Referring to the N.E., he warned that youth unemployment, i.e. those between the ages of 15-29 years, was high as 20%.

Sarvananthan said that the lines of tea kiosks straddling the A 9 highway from Omanthai to Muhamalai and manned by army personnel do not help the local economy to grow. “It’s a waste of public resources to run food and beverages.”

He further said that the air force operating civilian flights do not help to boost the private aviation sector either. It’s better if the air force has a surfeit of planes to sell them off and allow to the private sector to take control of domestic flights to and from the peninsula rather than pushing them out, said Sarvananthan.

A three star hotel is being built by the state run Bank of Ceylon and Merchant Bank of Sri Lanka in Nallur which have no expertise in hotels, whereas the better thing to have had done was to have had called for expressions of interest from local business and the diaspora.

Government is everywhere in the North.
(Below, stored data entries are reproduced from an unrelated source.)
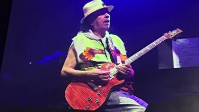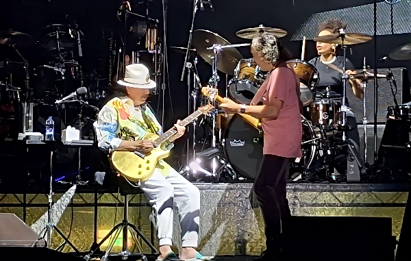 No sonó Europa, su nº1 en España, pero sí Samba Pa Ti, uno de los momentos clave de la noche. Todos los sonidos eclécticos de Santana, del afrobeat a las influencias jazzísticas, se conectaban – prácticamente sin pausas entre canciones- con el hard rock de Hope You’re Feeling Better e incluso hubo un guiño para los más jóvenes con la reciente canción compuesta junto a Grupo Frontera, Me retiro. Hubo algún momento para disertaciones excéntricas “Eres un rayo de luz. Eres divino», dijo, señalando al público «Así que cuando te mires al espejo, tómate un tiempo para validarte… Porque eres digno de la gracia de Dios», un lema nos hizo repetir hasta tres veces como si de un ritual se tratara. Put Your Lights On, cantada hábilmente por el guitarrista de apoyo Tommy Anthony, mientras las velas en la enorme pantalla de video detrás de la banda se hacían eco en los móviles de la multitud. El final llegó con el esperado Corazón espinado, una canción que aquí en España fue su mayor éxito de Supernatural. El bis abrió con Toussaint L’Ouverture, una improvisación feroz que permitió a cada miembro de la banda demostrar su maestría, con el momento culminante de la baterista Cindy Blackman en el centro del escenario. Smooth sirvió como cierre de su actuación y de su visita por nuestro país. Tal vez Santana no consiguiera devolvernos a la paz, la unidad, en defintiva, el espíritu de Woodstock, tal y como inicialmente pretendía, pero nos dejó con las mejores sensaciones. Fue, al menos, un armisticio.
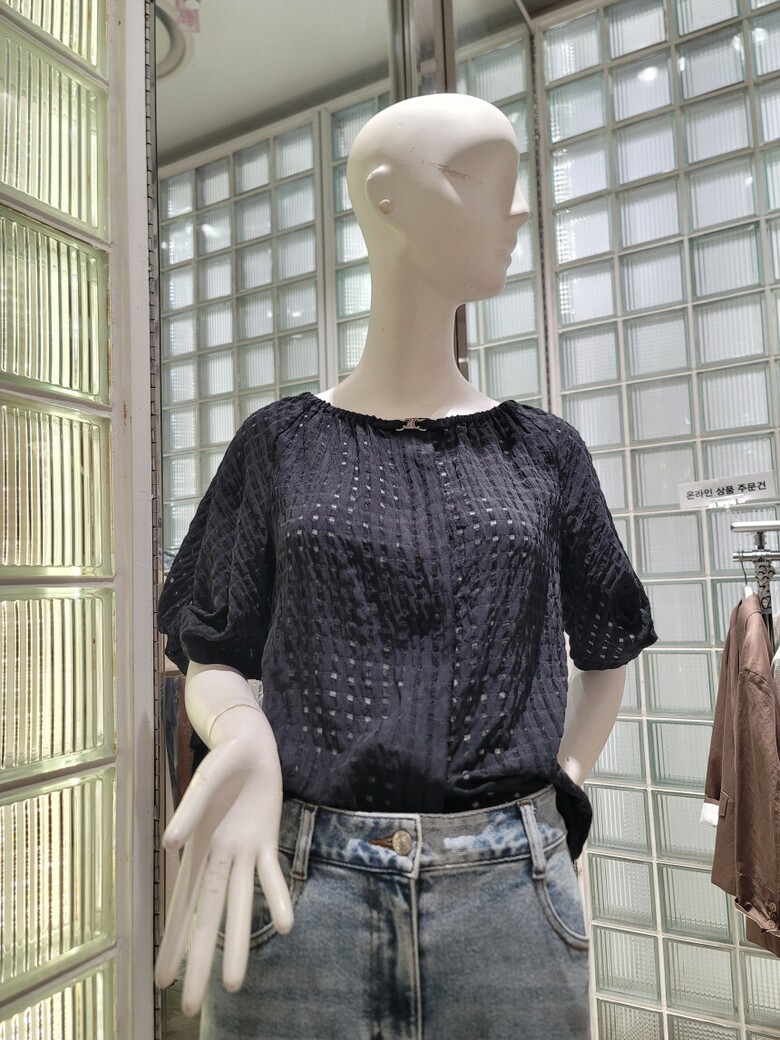 Z00C 스트랩 체크 블라우스 Z242MSC031
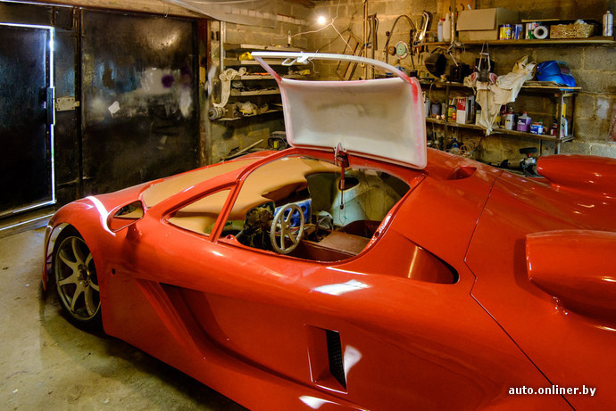 История молодого человека из Солигорска и его разработки буквально взорвала интернет. Даниил по своим чертежам построил то ли McLaren (как изначально позиционировал автомобиль автор), то ли Lamborghini (сейчас машина продается в соответствующем разделе на «Автобарахолке»). Внешне модель действительно выглядит как суперкар: двигатель расположен сзади, двери поднимаются вверх, есть воздухозаборники и другие элементы. Интересно, что в качестве «донора» использовался Peugeot 806. Парень планировал также поработать над салоном, приборной панелью, креслами.

They want people to think they are looking after them.

Commercial vehicles plying to Jaffna having to obtain permits encourages corruption.
Sarvananthan who is from Jaffna said that though the A9 is fully open for traffic and people have returned to their places of origin in Wanni and Jaffna, there is hardly any incentive to help the people in the N.E. to stand on their own feet.

Sarvananthan said that neither do remittances nor assistance from n.g.o.s help build a work culture in the North and East either.

He said that the government is expected to have had ploughed in Rs. 200 billion to the N.E.  by the year end. But those are all borrowed money, said Sarvananthan. Whether tangible benefits are seen by such investments is another matter.

The N.E. has been out of government budgets for so many years. But with the war end, and with those areas once more reintegrating with the rest of the country, vast resources would be needed to be allocated for the development of those places.

Former civil servant Bradman Weerakoon in his speech said that while a political solution is imperative for the N.E., one cannot wait till such a solution is found for development works to get started. Development work must go on, he said.
Alienating the locals and bringing in foreign labour (most of the Chinese funded development works are being executed with Chinese labour) is not the way to go, said Weerakoon.